Pear Therapeutics, Inc. (Nasdaq: PEAR), the leader in developing and commercializing software-based medicines called prescription digital therapeutics (PDTs), today announced the publication of results from a real-world observational analysis of engagement, retention and substance use among patients with substance use disorder (SUD) treated with reSET®, the first and only FDA-authorized PDT for the treatment of SUD (including alcohol, cannabis, cocaine, and stimulants like methamphetamines). The real-world data, which demonstrated high rates of engagement, retention1 and abstinence from substances with reSET treatment through 12 weeks, was published in The American Journal on Addictions (AJA).2

“Nearly half of people who begin a treatment program stop within the first three months, which makes it challenging to effectively treat patients throughout their entire recovery journey,” said Yuri Maricich, MD, MBA, Chief Medical Officer, Pear Therapeutics. “The high rates of engagement and retention we observed in this analysis are especially encouraging as they demonstrate the potential benefit of reSET in treating patients in diverse and naturalistic real-world settings with substance use disorder, a population in need of effective therapies.”

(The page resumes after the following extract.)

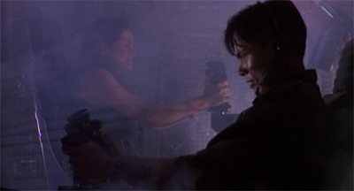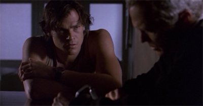 At the same time, Space: Above and Beyond seems to be a bit looser than it was in the pilot, evolving a bit. Mutiny gives the supporting cast more to do than they had in shows like The Farthest Man From Home or The Dark Side of the Sun, giving small character beats to Damphousse or Wang. Hawkes’ character also seems to be evolving away from the bad boy rebel introduced in the pilot, and more towards an innocent six-year-old child in the body of a twenty-four-year-old man. This is a much more interesting take on the character than stereotypical rebel without a cause.

The real-world observational analysis was conducted in an all-comer population of 602 patients with SUD treated with reSET over 12 weeks. Substance use was evaluated as a composite of self-reports and urine screens. Summary of results:2

  • Over 74% of patients were retained in reSET treatment and continued to use their PDT during the last four weeks (weeks 9-12)
  • Abstinence rates during the last four weeks were 62% where missing data was treated as a positive urine screen (n=602) and 86% where the missing data was excluded from the analysis (n=434)
  • Of the patients using reSET appropriately (four or more lessons per week on average for the first four weeks) (n=258), 81% were abstinent and 92% were retained at 12 weeks

The full paper is available online by clicking here.

Pear’s products reSET and reSET-O for the treatment of SUD and opioid use disorder (OUD), respectively, have been measured in real-world use and their therapeutic content studied in randomized controlled trials, with results published in peer-reviewed medical journals.3,4 Pear recently released publications showing the potential for improved real-world health outcomes and decreased healthcare resource utilization for patients using reSET and reSET-O.5-17 Both products, which are adjunctive to outpatient care, provide patients with cognitive behavioral therapy, fluency training, and contingency management, while clinicians receive access to clinical dashboards to inform in-office and televisits.

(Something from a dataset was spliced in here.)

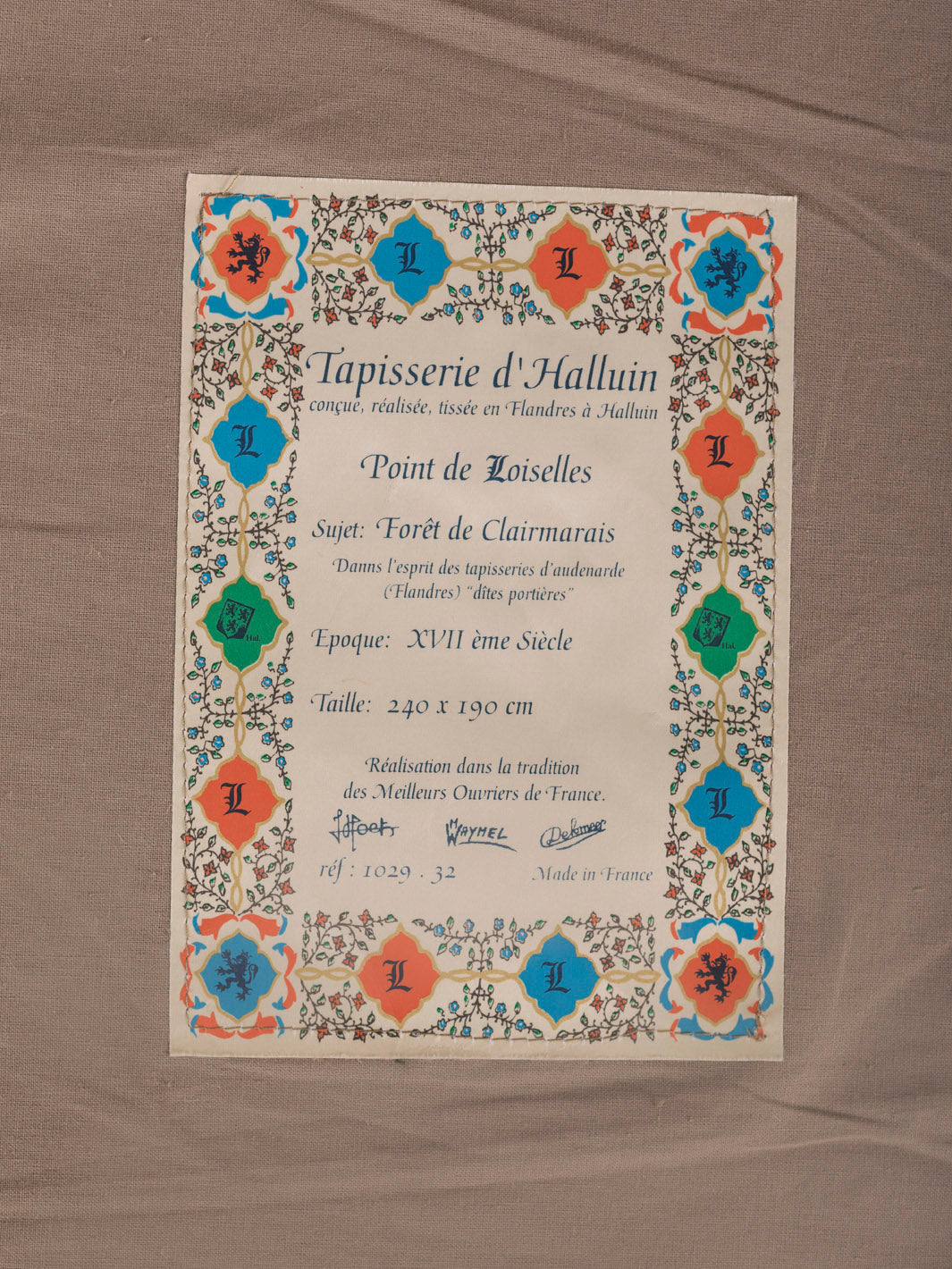 Este tapiz está tejido y confeccionado actualmente en Francia, en los talleres de Jules Pansu. Éstos se encuentran en Flandes, Francia.

reSET Important Safety Information

Indications for Use:

reSET is intended to provide cognitive behavioral therapy, as an adjunct to a contingency management system, for patients 18 years of age and older, who are currently enrolled in outpatient treatment under the supervision of a clinician. reSET is indicated as a 12-week (90 day) prescription-only treatment for patients with substance use disorder (SUD), who are not currently on opioid replacement therapy, who do not abuse alcohol solely, or who do not abuse opioids as their primary substance of abuse.

It is intended to:

  • Increase abstinence from a patient’s substances of abuse during treatment, and
  • Increase retention in the outpatient treatment program.

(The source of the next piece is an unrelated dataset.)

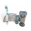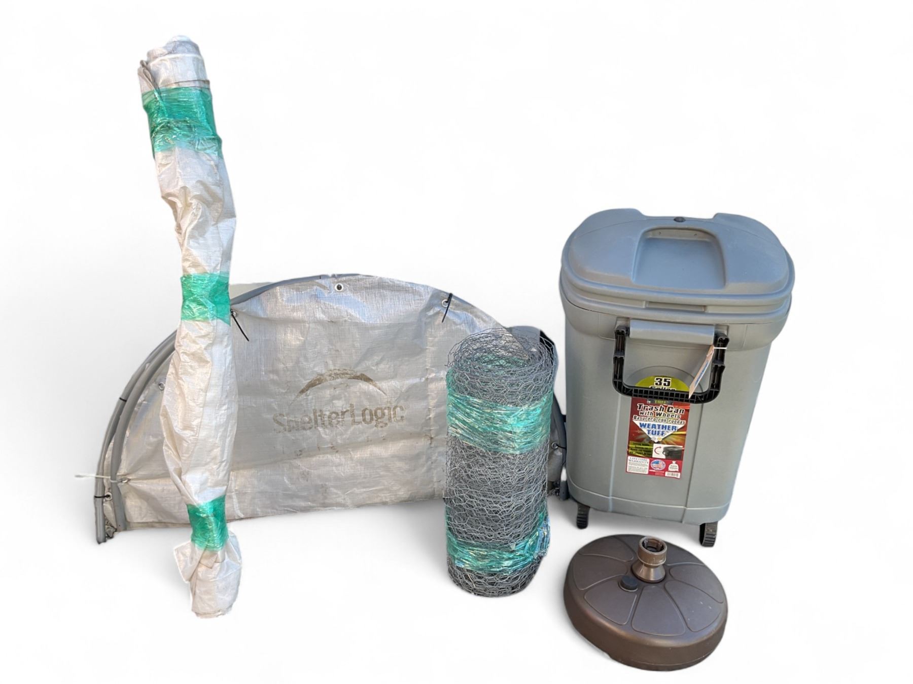 Garden Lot.. Mighty Tuff 35 Gallon Garbage Can, Chicken Wire Approx 2' X 25', Shelter Logic Garden Cover/ Shelter 4' X 4', Umbrella Stand

Important Safety Information:

Warnings: reSET is intended for patients whose primary language is English or Spanish with a reading level of 7th grade or above, and who have access to an Android/iOS tablet or smartphone. reSET is intended only for patients who own a smartphone and are familiar with use of smartphone apps (applications).

Clinicians should not use reSET to communicate with their patients about emergency medical issues. Patients should be clearly instructed not to use reSET to communicate to their clinician any urgent or emergent information. In case of an emergency, patients should dial 911 or go to the nearest emergency room.

reSET is not intended to be used as a stand-alone therapy for substance use disorder (SUD). reSET does not replace care by a licensed medical practitioner and is not intended to reduce the amount of face-to-face clinician time. reSET does not represent a substitution for a patient’s medication. Patients should continue to take their medications as directed by their healthcare provider.

Patients with substance use disorder experience mental health disease and co-morbid medical problems at higher rates than the general population. Patients with substance use disorder also have higher baseline rates of suicidal ideation, and suicide attempts, and suicide completion. Clinicians should engage in their normal care practices to monitor patients for medical problems and mental health disorders, including risk for harming others and/or themselves.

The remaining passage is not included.